Do burquíni ao melodrama

A VERSÃO PERSA

O terreno minado da guerra cultural entre o Irã e os EUA é onde a cineasta Maryam Keshavarz plantou A Versão Persa (The Persian Version), dramédia semi-autobiográfica a propósito de três gerações de uma família estadunidense-iraniana vivendo em Nova Jérsei. Os Jamshidpour emigraram em 1967, quando os EUA fizeram uma espécie de Mais Médicos. Nascida em Nova York, Leila (Layla Mohammadi) é uma ovelha diferente por ser lésbica e rejeitada pela mãe, Shireen (a bela Niousha Noor). Na cena de abertura, Leila vence um concurso de Halloween com um burquíni (mistura de burca com biquíni). Mais adiante, seu destino vai se cruzar com um ator que faz drag.

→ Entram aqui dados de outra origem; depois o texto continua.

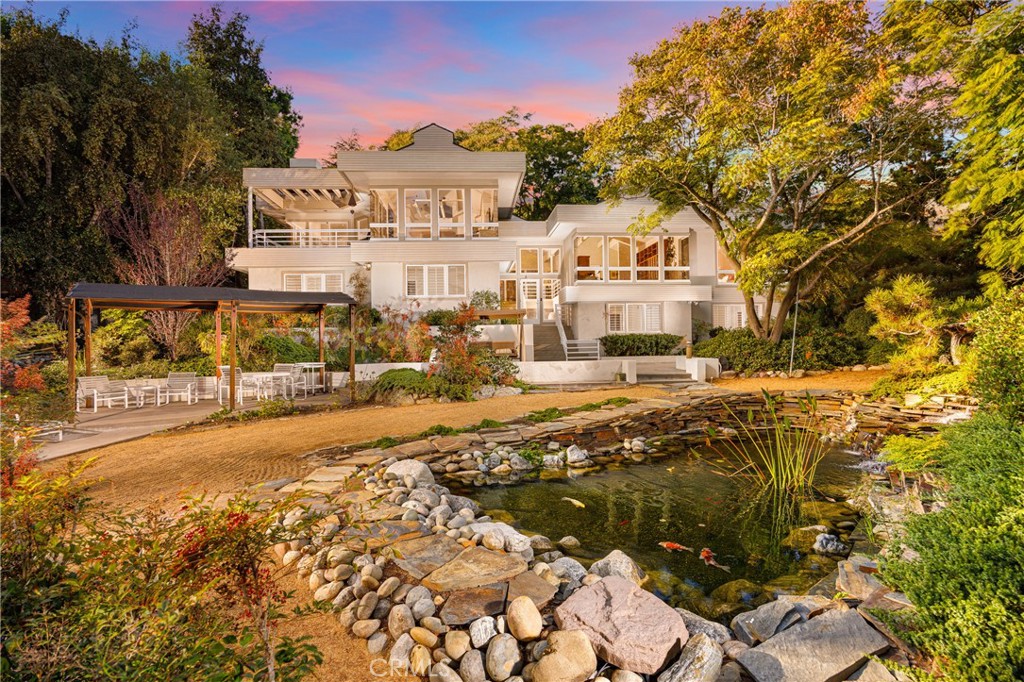 Another masterpiece crafted by renowned architect Ernest Velarde, this exceptional residence is located in the prestigious Peppertree Bend community of San Juan Capistrano. Designed with a refined modern Japanese contemporary fair, the home features an open floor plan that effortlessly harmonizes indoor and outdoor living. Set on a full acre, the grounds are a true work of art. Owners were inspired by the tradition Japanese Stroll Garden, the landscape embodies tranquility and authenticity. A gentle waterfall cascades into a reflective fish pond surrounded with white water lilies, many specimen trees, plants and vibrant flowers create a lush, park-like atmosphere. Winding pebble pathways lead through the gardens to a thriving fruit orchard, offering peaceful moments at every turn. This property is a rare fusion of architectural significance, natural beauty, and timeless design—an extraordinary sanctuary in one of San Juan Capistrano’s most coveted enclaves.

O trânsito entre os costumes e as éticas ocidental e iraniana domina a primeira parte do filme em ritmo veloz e alto astral. É quando A Versão Persa transpira o desejo de ser “espertinho” a todo custo, envolvendo diálogos razoavelmente espirituosos, danças coletivas e referências jocosas ao choque cultural. Lembra um pouco comédias independentes dos anos 1980, quando o multiculturalismo era tema da moda.

A partir de uma conversa com a avó (mais liberal que a mãe, para não fugir ao clichê), Leila descobre que a mãe guarda um grave segredo de família. O filme, então, passa a contar a história de Shireen no passado iraniano. O giro de 180 graus leva as coisas para a esfera do melodrama pesado, como se mudássemos inteiramente de filme.

As incoerências dramáticas, então, se acumulam. Uma grande confusão de registros e um vai e vem temporal reduzem muito o apelo inicial. A perspectiva da Leila roteirista narrando a história da mãe a fim de compreendê-la se perde no emaranhado de enunciados. As frequentes quebras da quarta parede são apenas mais um recurso utilizado sem muita imaginação.

É louvável o empenho de Maryam Keshavarz em resgatar a diversidade de perfis e as diferentes versões de mulheres com personalidade forte em sociedades tão contrastantes. Pena que o material vacile entre a pretensa ousadia e uma indisfarçável ingenuidade.

>> A Versão Persa está nas plataformas Google Play, Amazon, AppleTV, Claro Vídeo e Microsoft.

NO TEATRO: Para quem aprecia a cultura persa, a dica é a peça PÉRSIA, do Grupo Sobrevento, que está em cartaz até 21 de abril no Sesc Copacabana. O espetáculo, com participação de imigrantes iranianos, trata das relações entre as culturas persa e brasileira, especialmente nos campos da música e do teatro.